Demokrasiye ve devlete olan güveni korumak için büyük veri analitiğinin faydalarını bireysel ve toplumsal haklarla dengelemek gerekmektedir (Kitchin, 2014: 12).

Akıllı kentlerin dünyadaki en büyük yazılım ve donanım şirketleri tarafından destekleniyor olması akıllı kentlere yönelen diğer bir endişe kaynağıdır. Akıllı bir kent işletmeler, çok uluslu şirketler için canlı bir ekonomi olarak görülmektedir (Hollands, 2008: 308). Kentin gelişimi ve yönetimine yönelik teknolojik çözümlerin en güçlü savunucuları da kendi sermayelerinin sürekliliğini sağlama hedefinde olan büyük şirketlerdir (Kitchin, 2014: 10). Bu şirketler önemli ölçüde yatırım gerektiren akıllı kent teknolojilerinin kent yapısına entegre edilmesinde devletin en önemli ortağı olarak karşımıza çıkmaktadır. Ortaya konulan politika ve uygulamalarda süreçleri daha çok teknoloji şirketleri yönetmektedir. Bu durum kullanıcıların planlama sürecinin dışında, yalnızca gelişen teknolojik süreçlerden faydalananlar olarak değerlendirilmesine ve kentsel katılımın geri plana atılmasına neden olmaktadır (Doğan, 2017: 32). Oysa yapılması gereken bireylerin ve sivil toplum kuruluşları, üniversiteler, şirketler, enstitüler gibi pek çok kurumun kendi yerel ihtiyaçları doğrultusunda yerel çözümler üretebilmelerine olanak verecek altyapı ve anlayışı geliştirmek olmalıdır (Ertan, 2014:

134).

46 Akıllı kentin çevresel sürdürülebilirlik hedefine sahip olduğunun ileri sürülmesi tartışılan bir diğer konudur. Ekonomik büyüme ile çevresel sürdürülebilirliğin ne kadar uyumlu olduğuna bakmak gerekmektedir. Ekonomik büyümenin itici gücü olan kentler aynı zamanda büyük miktarda kaynak tüketicisi ve çevresel atığın yaratıcısıdır (Hollands, 2008: 310). Dünya toprakları üzerinde %2’den daha az yer kaplayan kentler, dünyanın doğal kaynaklarının dörtte üçünden fazlasını tüketmektedirler (Doğan, 2017: 32).

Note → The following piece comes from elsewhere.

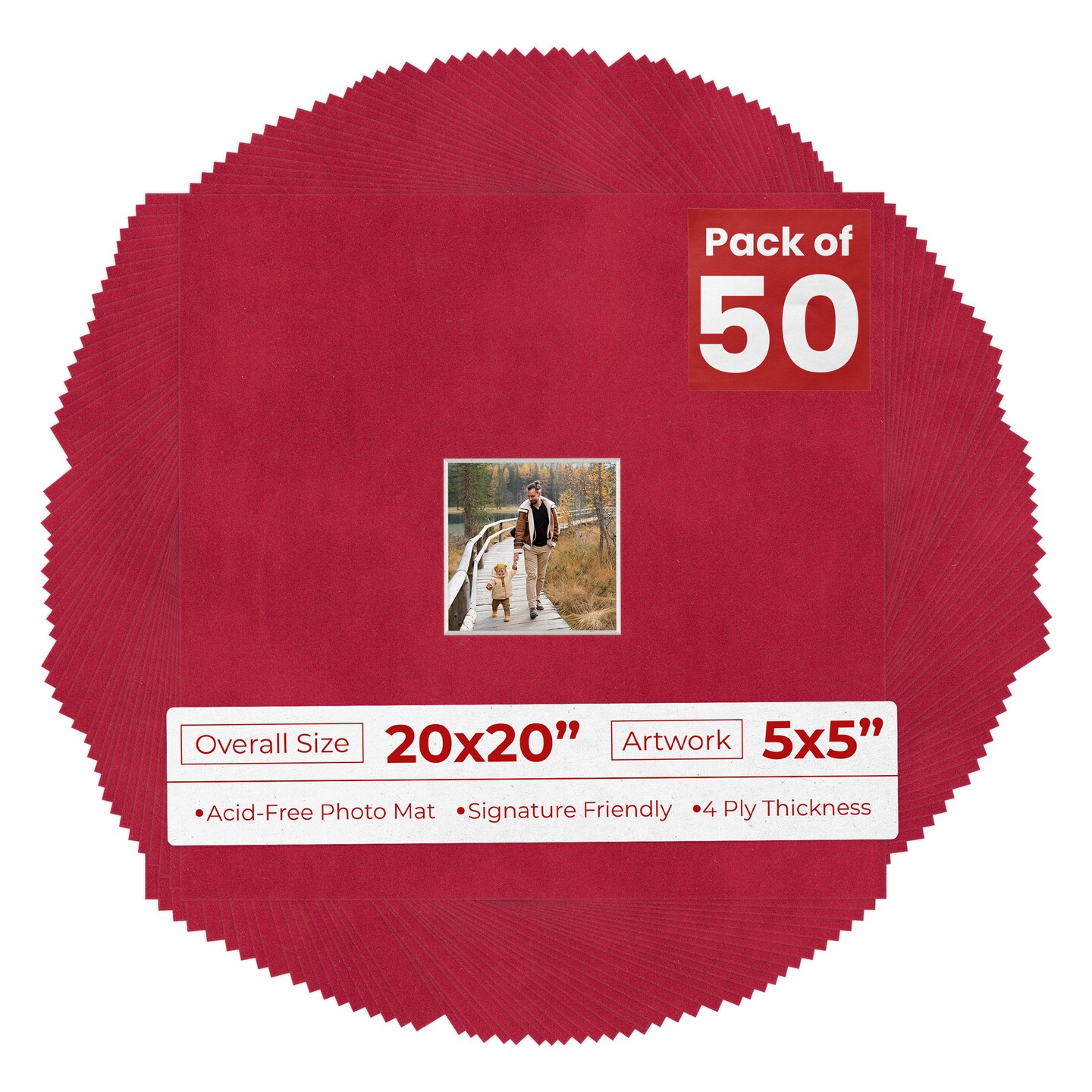 Red Suede Mat Board for 20x20 Frames - Fits 5x5 Photos

Mundoli vd. (2017: 104) çevresel sorunlara çözüm getirmeyi amaçlayan akıllı kentlerin, ihtiyaç duydukları enerji ve malzemeler nedeniyle çevresel sürdürülebilirliği baltayabileceklerini ileri sürmektedir. Her geçen gün daha fazla gelişen teknoloji nedeniyle mevcut teknolojik uygulamalar geçerliliğini yitirebilmekte ve güncellenmeye ihtiyaç duymaktadır. Teknolojinin sürekli olarak yükseltilmesi kaynakların hızla tüketilmesine, çevresel zararların ortaya çıkmasına ve önemli ölçüde atık yaratılmasına neden olmaktadır. Akıllı kentlerin çevresel sürdürülebilirliği sağlama hedeflerinden biri de sahip oldukları BİT altyapısı ile insanların evde çalışabilmelerini mümkün kılmak ve bu sayede insanların evlerinden ofislerine giderken yarattığı ulaşım kaynaklı çevre kirliliğinin azaltılmasını sağlamaktır. Ancak bu hedef çok ileri bir aşamayı işaret etmektedir. İnsanlar hala çalışmak için işyerlerine gitmekte ve ulaşımın yarattığı kirlilik devam etmektedir (Hollands, 2008: 313).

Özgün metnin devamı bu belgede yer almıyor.